RegulationNov 15 2017

FCA warns investors against binary options

twitter-iconfacebook-iconlinkedin-iconmail-iconprint-icon
Search supported by
FCA warns investors against binary options

The Financial Conduct Authority has issued a warning on binary options, saying the majority of consumers who invest in them lose money.

From January the regulator will take over the regulation of binary options from the Gambling Commission as part of the introduction of Mifid II.

This means these firms will need to be authorised and supervised by the FCA, and individual complaints will be handled by the Financial Ombudsman Service and consumers will have access to the Financial Services Compensation Scheme.

But the regulator has now sought to inform consumers that these investments are "high-risk" and "speculative".

Binary options allow an investor to make a bet on the price of value of a stock, commodity, currency, index or anything capable of being measured in financial terms.

The time periods involved tend to be very short, ranging from between 30 seconds to five minutes.

The FCA stated its data found the majority of consumers who invest in binary options lose money and find it hard to make sustained profits over a series of bets.

The City watchdog stated: "To make a profit, a consumer is likely to need both a sophisticated knowledge of financial markets and to 'beat the odds', which is always difficult to do.

"The short duration of trades with the complex method used to price binary options means that it is difficult for consumers to value these products accurately."

The FCA has also pointed out that in most cases, the firm a consumer buys options from benefits when they lose.

This means the firm's interest is in direct conflict with the consumer and increases the risk of poor conduct by firms offering these products.

The FCA said binary options have become a "significant" source of fraud in the UK.

Since 2012 there have been a reported 2,605 victims who lost £59.4m on binary options scams.

The FCA is not the first government agency to warn about binary options.

Action Fraud, which is part of the City of London Police, issued a similar warning last month.

Action Fraud stated binary options was a "growing problem", with £18m lost in the first half of 2017 alone.

In the first six months of this year 697 people reported having lost money to this type of fraud.

Binary options are currently regulated by the Gambling Commission but only if the firm has gambling equipment in the UK.

The FCA has also renewed its warning about cryptocurrencies, particularly contracts for difference using these as the underlying investment.

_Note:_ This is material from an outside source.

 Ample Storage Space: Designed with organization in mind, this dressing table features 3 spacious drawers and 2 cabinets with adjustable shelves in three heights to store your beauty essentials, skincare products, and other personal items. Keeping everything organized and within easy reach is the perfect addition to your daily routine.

In September the FCA warned investors they should be prepared to lose all their money if they invested in initial coin offerings, which is a way of raising money from investors using virtual coins or tokens where these are issued and put for sale in exchange for fiat money for other virtual currencies such as Bitcoin or Ether.

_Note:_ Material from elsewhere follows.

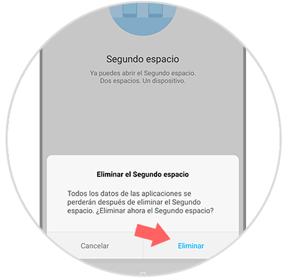 Ahora nos aparecerá un mensaje de advertencia preguntándonos si estamos seguros de que queremos borrar el segundo espacio creado. Ten en cuenta que se eliminarán todos los datos de aplicaciones que ahí se encuentren. Si es así elige “Eliminar”.

Cryptocurrency CFDs allow investors to speculate on the change in a price of a virtual currency, like Bitcoin.

The FCA said investors should only use these products if they are experienced with a sophisticated knowledge of financial markets, and they fully understand the risks involved with cryptocurrencies and CFDs.

It said: "The value of cryptocurrencies, and therefore the value of CFDs linked to them, is extremely volatile. They are vulnerable to sharp changes in price due to unexpected events or changes in market sentiment.

"The value of some cryptocurrencies recently fell by more than 30 per cent in a single day.

"When compared with currencies, there can be more significant variation in the pricing of cryptocurrencies used to determine the value of your CFD position. There is a greater risk you will not receive a fair and accurate price for the underlying cryptocurrency when trading."